▶ Assigned task:
After locating "Ghana international Mohammed" in the listing below, copy that line and each one after it exactly, ending with the line that has "经济与管理学院石嘉成同学、艺".

··· Excerpted data ···

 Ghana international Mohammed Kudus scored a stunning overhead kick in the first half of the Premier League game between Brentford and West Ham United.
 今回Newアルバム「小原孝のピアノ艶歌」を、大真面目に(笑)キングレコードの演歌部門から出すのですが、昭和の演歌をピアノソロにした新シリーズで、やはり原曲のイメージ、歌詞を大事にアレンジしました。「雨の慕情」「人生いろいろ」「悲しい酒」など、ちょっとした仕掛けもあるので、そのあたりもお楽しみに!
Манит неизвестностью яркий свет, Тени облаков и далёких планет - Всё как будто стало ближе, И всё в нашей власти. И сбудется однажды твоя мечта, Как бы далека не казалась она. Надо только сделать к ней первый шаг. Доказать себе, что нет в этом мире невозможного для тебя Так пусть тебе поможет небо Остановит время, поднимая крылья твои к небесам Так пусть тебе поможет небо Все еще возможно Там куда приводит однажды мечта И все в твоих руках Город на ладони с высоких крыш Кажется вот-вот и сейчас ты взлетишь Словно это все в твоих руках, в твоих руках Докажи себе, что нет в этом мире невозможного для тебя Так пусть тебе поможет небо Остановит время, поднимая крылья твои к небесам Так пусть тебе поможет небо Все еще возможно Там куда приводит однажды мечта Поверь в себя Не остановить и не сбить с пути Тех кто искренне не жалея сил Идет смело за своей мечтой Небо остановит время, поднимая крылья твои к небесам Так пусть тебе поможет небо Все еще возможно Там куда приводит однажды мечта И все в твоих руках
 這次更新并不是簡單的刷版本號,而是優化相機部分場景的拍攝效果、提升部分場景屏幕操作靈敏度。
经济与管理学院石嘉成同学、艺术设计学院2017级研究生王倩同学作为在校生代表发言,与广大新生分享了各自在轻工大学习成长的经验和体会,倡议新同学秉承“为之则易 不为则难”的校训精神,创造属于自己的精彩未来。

···
··· Excerpted data ···

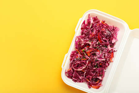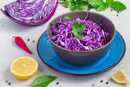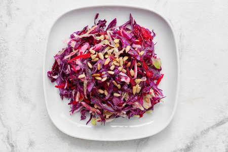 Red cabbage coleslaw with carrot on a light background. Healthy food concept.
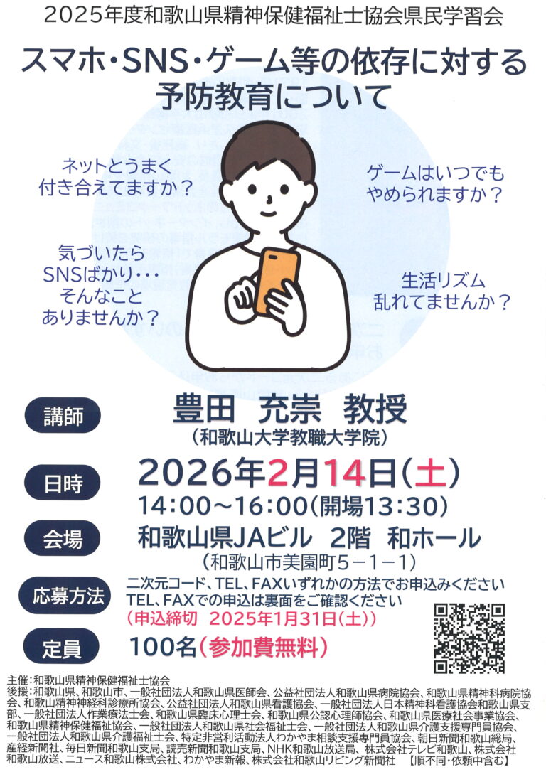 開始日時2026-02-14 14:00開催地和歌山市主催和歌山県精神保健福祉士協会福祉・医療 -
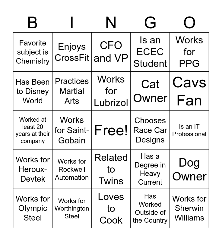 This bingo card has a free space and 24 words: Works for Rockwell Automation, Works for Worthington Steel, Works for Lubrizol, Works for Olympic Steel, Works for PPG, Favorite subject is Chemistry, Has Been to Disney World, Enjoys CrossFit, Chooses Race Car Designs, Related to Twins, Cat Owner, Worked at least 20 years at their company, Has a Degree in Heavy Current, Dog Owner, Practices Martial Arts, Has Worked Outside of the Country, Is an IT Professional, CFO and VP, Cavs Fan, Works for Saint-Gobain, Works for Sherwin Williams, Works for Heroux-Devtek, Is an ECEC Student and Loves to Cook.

···

▶ Problem solution:
 Ghana international Mohammed Kudus scored a stunning overhead kick in the first half of the Premier League game between Brentford and West Ham United.
 今回Newアルバム「小原孝のピアノ艶歌」を、大真面目に(笑)キングレコードの演歌部門から出すのですが、昭和の演歌をピアノソロにした新シリーズで、やはり原曲のイメージ、歌詞を大事にアレンジしました。「雨の慕情」「人生いろいろ」「悲しい酒」など、ちょっとした仕掛けもあるので、そのあたりもお楽しみに!
Манит неизвестностью яркий свет, Тени облаков и далёких планет - Всё как будто стало ближе, И всё в нашей власти. И сбудется однажды твоя мечта, Как бы далека не казалась она. Надо только сделать к ней первый шаг. Доказать себе, что нет в этом мире невозможного для тебя Так пусть тебе поможет небо Остановит время, поднимая крылья твои к небесам Так пусть тебе поможет небо Все еще возможно Там куда приводит однажды мечта И все в твоих руках Город на ладони с высоких крыш Кажется вот-вот и сейчас ты взлетишь Словно это все в твоих руках, в твоих руках Докажи себе, что нет в этом мире невозможного для тебя Так пусть тебе поможет небо Остановит время, поднимая крылья твои к небесам Так пусть тебе поможет небо Все еще возможно Там куда приводит однажды мечта Поверь в себя Не остановить и не сбить с пути Тех кто искренне не жалея сил Идет смело за своей мечтой Небо остановит время, поднимая крылья твои к небесам Так пусть тебе поможет небо Все еще возможно Там куда приводит однажды мечта И все в твоих руках
 這次更新并不是簡單的刷版本號,而是優化相機部分場景的拍攝效果、提升部分場景屏幕操作靈敏度。
经济与管理学院石嘉成同学、艺术设计学院2017级研究生王倩同学作为在校生代表发言,与广大新生分享了各自在轻工大学习成长的经验和体会,倡议新同学秉承“为之则易 不为则难”的校训精神,创造属于自己的精彩未来。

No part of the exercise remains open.